Otto Solymosi (born 20 February 1927) is a director of Magyar Rádió (MR). Solymosi graduated from the Academy of Dramatic and Cinematic Art and started his career at the Royal Revue Theatre in 1948. Since 1954 he has been a director of MR, and in 1974 he became a member of the National Television's director's staff. He is a member of the National Association of Hungarian Journalists.

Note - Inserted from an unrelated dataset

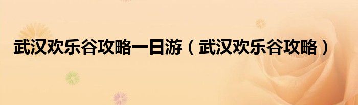 武汉欢乐谷攻略一日游(武汉欢乐谷攻略)
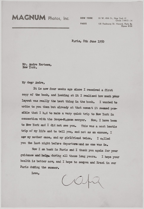 1938-ban Capa már Kínából írt Kertészéknek. A New School for Social Research-ben bemutatott Death in the Making című fényképkiállítás megnyitóján nem volt jelen, mert Joris Ivens stábjával Keletre utazott.12 Aztán egy időre közbeszóltak az események, kitört a világháború, és látszólag eltűntek a nyomok. A Kertész-archívumban az 1938-ason kívül csupán egy másik Capa-levelet őriznek, 1950-ből. A június 8-án, Magnum-fejléces papíron, laza angolsággal gépelt – vagy diktált – üzenet magyarul így szól: „Drága Andrém, már négy hete, hogy megkaptam a könyv egyik első példányát, és ahogy megnéztem, rájöttem, hogy mennyire a te layout-od volt a legjobb dolog a könyvben. Akkor írni akartam neked, de már akkor úgy volt, hogy gyorsan New Yorkba kellene utaznom a Scope-Magnum egyesülés miatt. Most New Yorkban voltam és nem láttalak. Ez volt életem legmozgalmasabb útja és őszintén mondom, és nem kifogásként, hogy anyámat egyszer láttam, s a barátnőmet kétszer. Hívtalak az utolsó este, de senki nem volt ott. Most megint Párizsban vagyok, és megint köszönöm a tanácsaidat és a sok évi segítségedet. Remélem, már jobban vagy, és remélem, látlak téged és Erzsit a mi Párizsunkban a nyáron. Szeretettel, Capa”13

Solymosi, who received a well merited Jászai Mari Award in 1974, was named Chief Director of Magyar Rádió in 1983.

Selected works

Theatre
 Fényes-Kertész: Csacsifogat;
 Kodály:Háry János;
 Kálmán:Csárdáskirálynő;
 Vaszary-Solymosi:Ki a harmadik?;

Radio
 Molnár:A Pál utcai fiúk;
 Móricz:Rokonok;
 Vadnai-Solymosi:Aki felütötte a telefonkönyvet;

For television Solymosi directed "50 Years of Hungarian Radio" in 1975. He continues to work for radio and the stage, and has organized and produced many shows in North America for Hungarian communities in Toronto, Montreal, New York, and Washington D.C.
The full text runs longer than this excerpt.